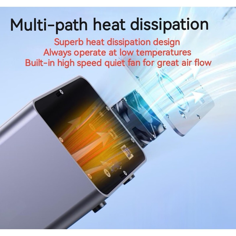 • Built with rugged heat-dissipating aluminum shell, smart fan control can effectively accelerate air convection. The fan adjusts its speed automatically based on the hard drive's temperature, providing optimal cooling with low noise.
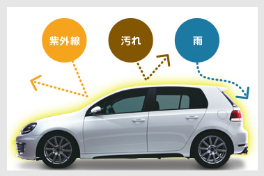 また、走行中の空気やホコリ、洗車での摩擦による塗装の劣化も防ぎます。
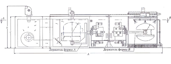 Мал. 2. Горизонтальна проекція ротаційної технологічної установки,представлений ний на Рис.1 Для нагріву форм в сучасних технологічних установках в основному використовується масло. Нагріваючі і охолоджуючі канали, виконані таким чином, що здатні забезпечити підтримку рівномірної температури. Для виготовлення одногніздних форм з подвійною стінкою в основному використовується листова сталь. Стійки створюють опору для зовнішньої поверхні і внутрішніх стінок. По своїх розмірах і типі кріплення ці стійки такі, що вони без необхідності не збільшують теплоємність форми, одночасно забезпечуючи оптимальне протікання теплоносія (мал. 13.3). При конструктивному виконанні ротаційних форм, як і при конструюванніі інших пресформ, призначених для переробки полімерної сировини, необхідно уникати гострих кромок і кутів, а також значних відмінностей в товщині стінок
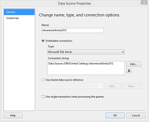 Before creating any datasets in a report you have to first create the data source. You can right click on "Data Sources" and select "Add Data Source...". Create the connection to your instance of SQL Server and the AW database following the screenshot below, it will default with Windows credentials:
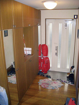 | 壁クロスを白に貼り替え、床は無垢のパイン材で明るさを増した玄関。左側の収納棚は、白い空間になじむよう、既存のものに白い化粧シートを貼って活用。右側は便利なウォークインクローゼットに直結。 |
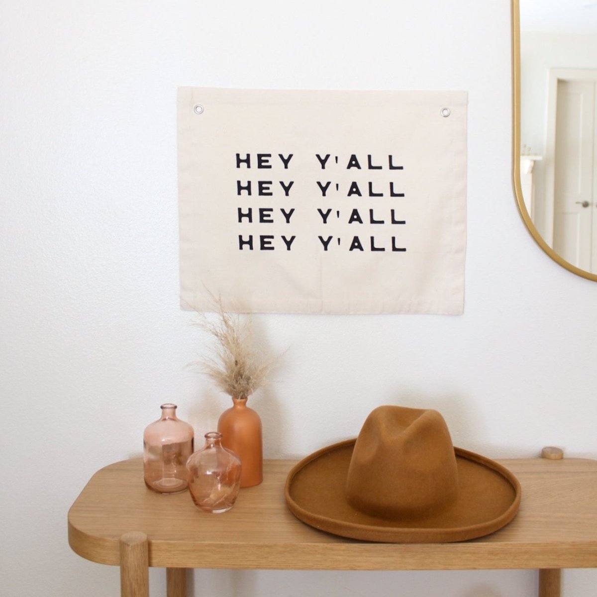The 16x20 inch dimensions work perfectly in entryways to greet guests, kitchens for casual southern flair, living rooms as a focal point, or as part of a gallery wall arrangement. The natural canvas material and typography design coordinate with various decor styles from modern farmhouse to rustic southern aesthetics. Use in mudrooms, porches, or any space where you want to add welcoming southern hospitality.
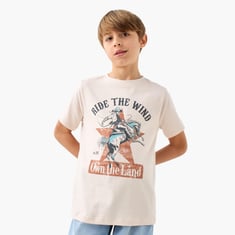 Juniors Graphic Print Crew Neck T-shirt with Short Sleeves
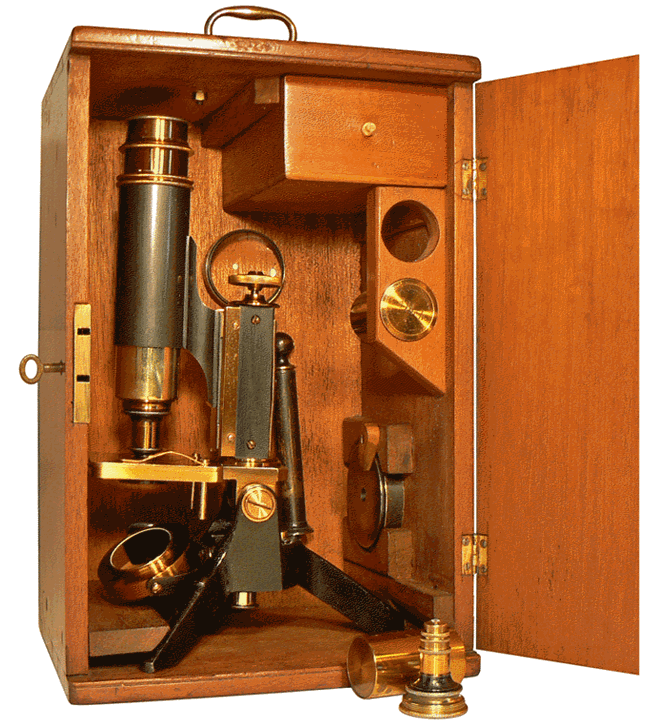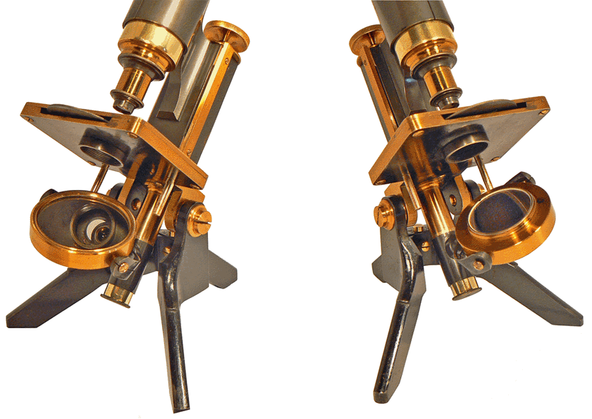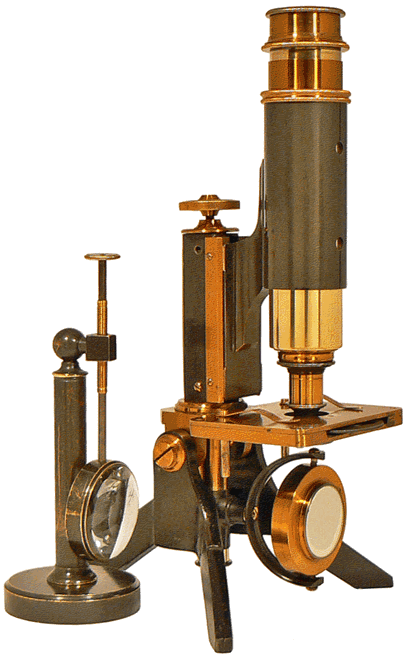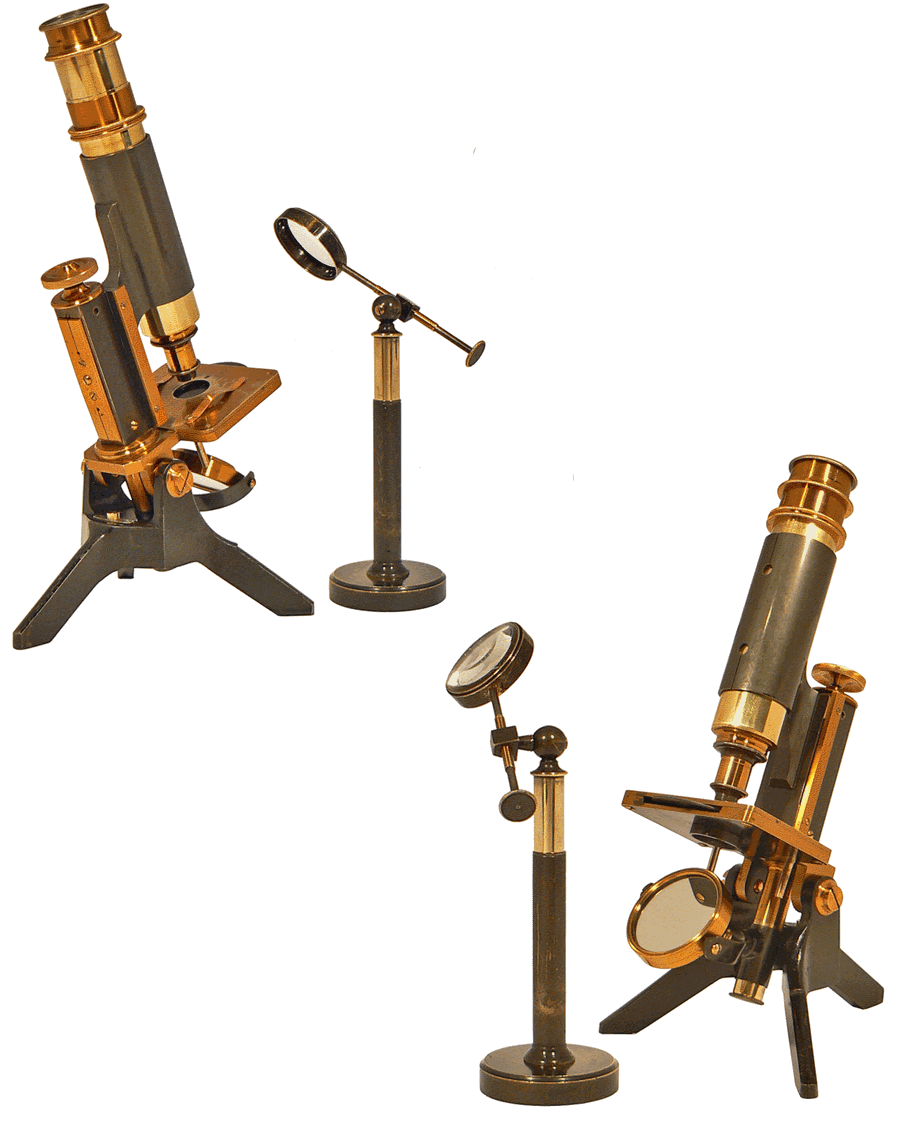 Microscope d'étude et sa loupe sur pied pour l'éclarage des objets opaques - hauteur minimum 26 cm - Royaume Uni - Vers 1890 |
---
**What to produce:**
Leaving every picture aside, transcribe exactly the lines from the one that contains "Juniors Graphic Print" through the final line of the listing above, inclusive.

**Answer box:**
 Juniors Graphic Print Crew Neck T-shirt with Short Sleeves
 Microscope d'étude et sa loupe sur pied pour l'éclarage des objets opaques - hauteur minimum 26 cm - Royaume Uni - Vers 1890 |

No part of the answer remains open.